* _About this exercise_: Would you copy the records below, exactly and only from their first line through the line containing "Carbonized chống ăn", without any pictures?

* _Data_:

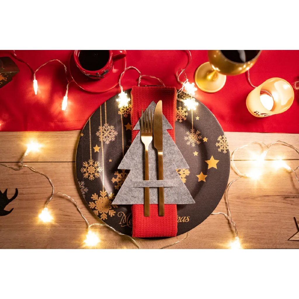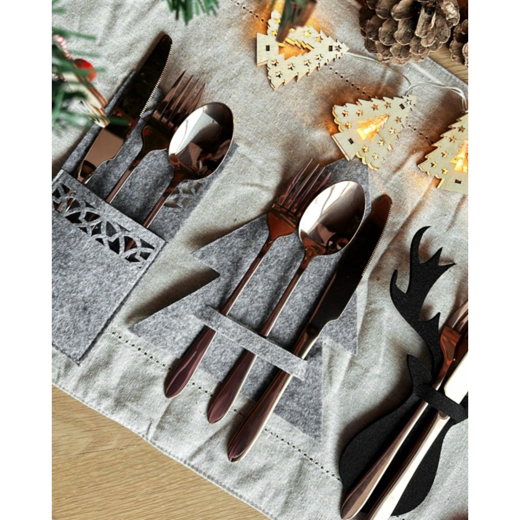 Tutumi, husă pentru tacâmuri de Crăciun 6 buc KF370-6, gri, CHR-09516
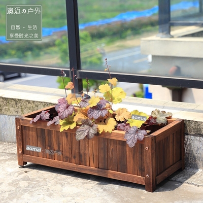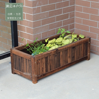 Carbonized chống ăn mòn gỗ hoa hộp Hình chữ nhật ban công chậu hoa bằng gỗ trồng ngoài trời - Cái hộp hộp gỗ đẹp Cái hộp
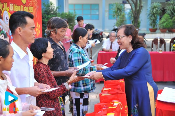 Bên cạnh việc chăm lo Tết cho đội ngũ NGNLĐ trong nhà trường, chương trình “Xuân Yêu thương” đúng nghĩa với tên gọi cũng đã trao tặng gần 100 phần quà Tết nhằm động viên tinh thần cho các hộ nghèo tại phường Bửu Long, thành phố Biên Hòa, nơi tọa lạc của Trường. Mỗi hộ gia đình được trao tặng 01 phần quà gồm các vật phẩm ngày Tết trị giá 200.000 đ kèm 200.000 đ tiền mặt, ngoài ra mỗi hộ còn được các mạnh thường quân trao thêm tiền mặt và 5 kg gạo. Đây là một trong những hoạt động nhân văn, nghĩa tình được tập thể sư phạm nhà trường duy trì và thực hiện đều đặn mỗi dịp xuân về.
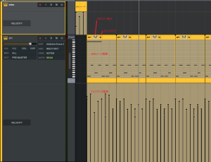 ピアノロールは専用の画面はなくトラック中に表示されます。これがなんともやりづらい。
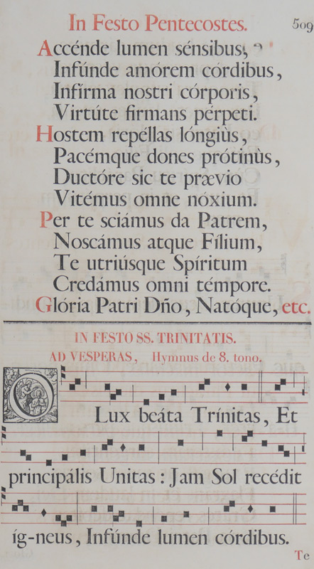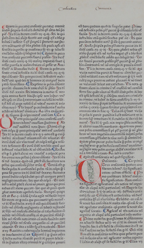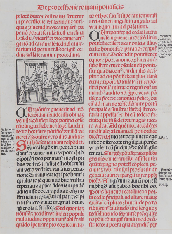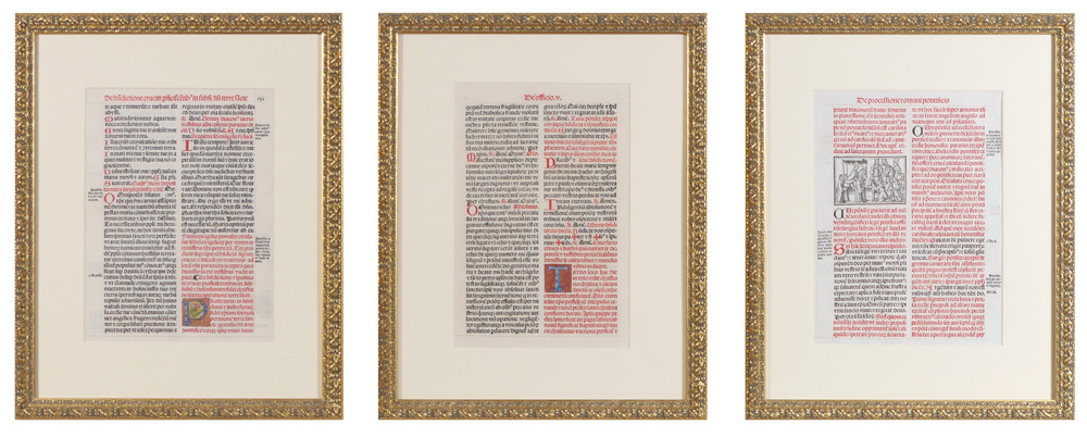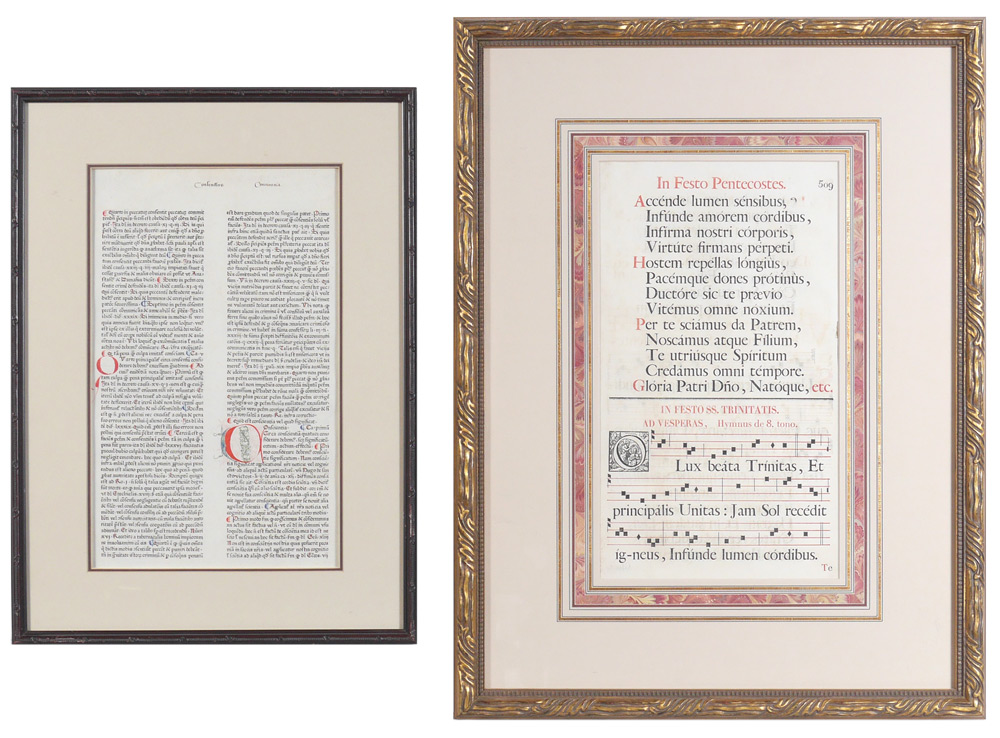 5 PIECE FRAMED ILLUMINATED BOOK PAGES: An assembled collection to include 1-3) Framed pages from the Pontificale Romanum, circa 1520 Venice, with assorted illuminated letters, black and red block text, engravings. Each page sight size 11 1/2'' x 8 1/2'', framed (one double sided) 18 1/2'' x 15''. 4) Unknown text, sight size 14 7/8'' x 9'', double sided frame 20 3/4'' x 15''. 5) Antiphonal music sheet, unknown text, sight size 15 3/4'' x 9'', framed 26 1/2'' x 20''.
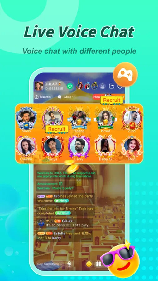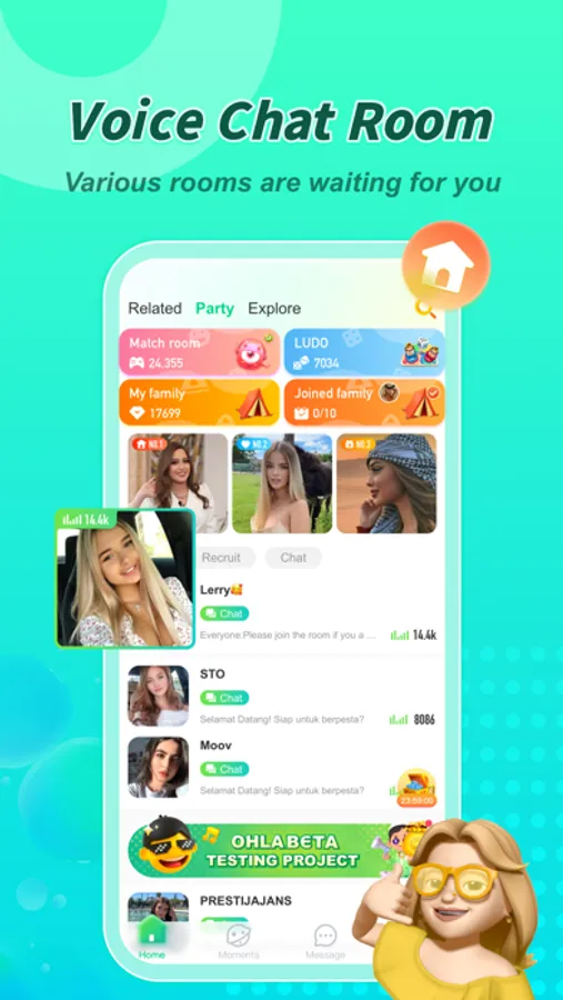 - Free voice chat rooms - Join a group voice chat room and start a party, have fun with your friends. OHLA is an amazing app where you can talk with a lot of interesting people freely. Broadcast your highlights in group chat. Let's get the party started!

* _Solution to this exercise_:
 Tutumi, husă pentru tacâmuri de Crăciun 6 buc KF370-6, gri, CHR-09516
 Carbonized chống ăn mòn gỗ hoa hộp Hình chữ nhật ban công chậu hoa bằng gỗ trồng ngoài trời - Cái hộp hộp gỗ đẹp Cái hộp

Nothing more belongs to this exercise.